Physiological-social score (PMEWS) vs. CURB-65 to triage pandemic influenza: a comparative validation study using community-acquired pneumonia as a proxy

BMC Health Serv Res. 2007 Mar 1:7:33. doi: 10.1186/1472-6963-7-33.


Background: An influenza pandemic may increase Emergency Department attendance 7-fold. In the absence of a validated "flu score" to assess severity and assist triage decisions from primary into secondary care, current UK draft management recommendations have suggested the use of CURB-65 and chest X-ray as a proxy. We developed the Pandemic Medical Early Warning Score (PMEWS) to track and triage flu patients, taking into account physiological and social factors and without requiring laboratory or radiology services.

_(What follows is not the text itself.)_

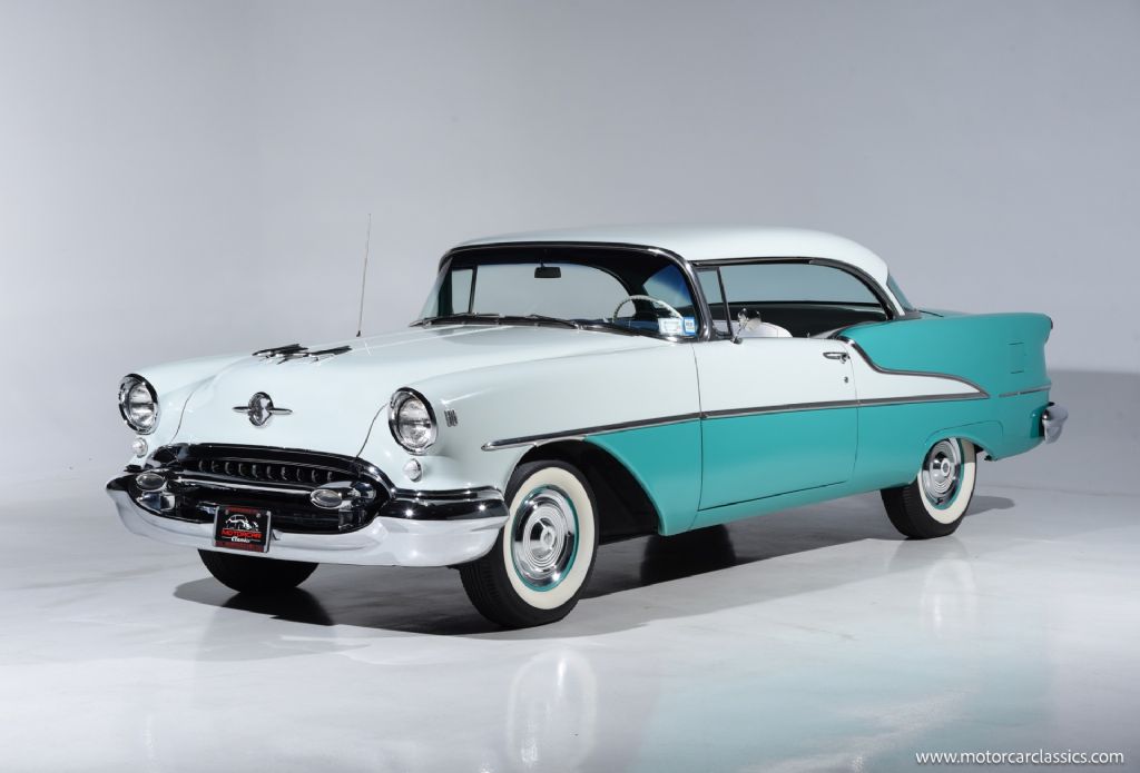 1955 Oldsmobile 88 for sale! This striking 1955 Oldsmobile 88 Holiday two-door hardtop stands as a testament to the Rocket Age, finished in its factory-correct two-tone Glen Green/Polar White colors that pay homage to Oldsmobile's celebrated mid-century style. The car was fully restored in the early 1990s, at which time both the engine and automatic transmission were professionally rebuilt to factory specifications, ensuring that it runs with exceptional smoothness and reliability. The interior has been completely renewed with correct 1955 Oldsmobile patterns, lending an inviting authenticity and comfort befitting its era. Always garage kept and driven only in favorable weather, this 88 benefits from decades of careful stewardship, including the thoughtful addition of an electric fuel pump for greater reliability and drivability.

Methods: Validation of the PMEWS score against an unselected group of patients presenting and admitted to an urban UK teaching hospital with community acquired pneumonia. Comparison of PMEWS performance against CURB-65 for three outcome measures: need for admission, admission to high dependency or intensive care, and inpatient mortality using area under ROC curve (AUROC) and the Hanley-McNeil method of comparison.

Results: PMEWS was a better predictor of need for admission (AUROC 0.944) and need of higher level of care (AUROC 0.83) compared with CURB-65 (AUROCs 0.881 and 0.640 respectively) but was not as good a predictor of subsequent inpatient mortality (AUROC 0.663).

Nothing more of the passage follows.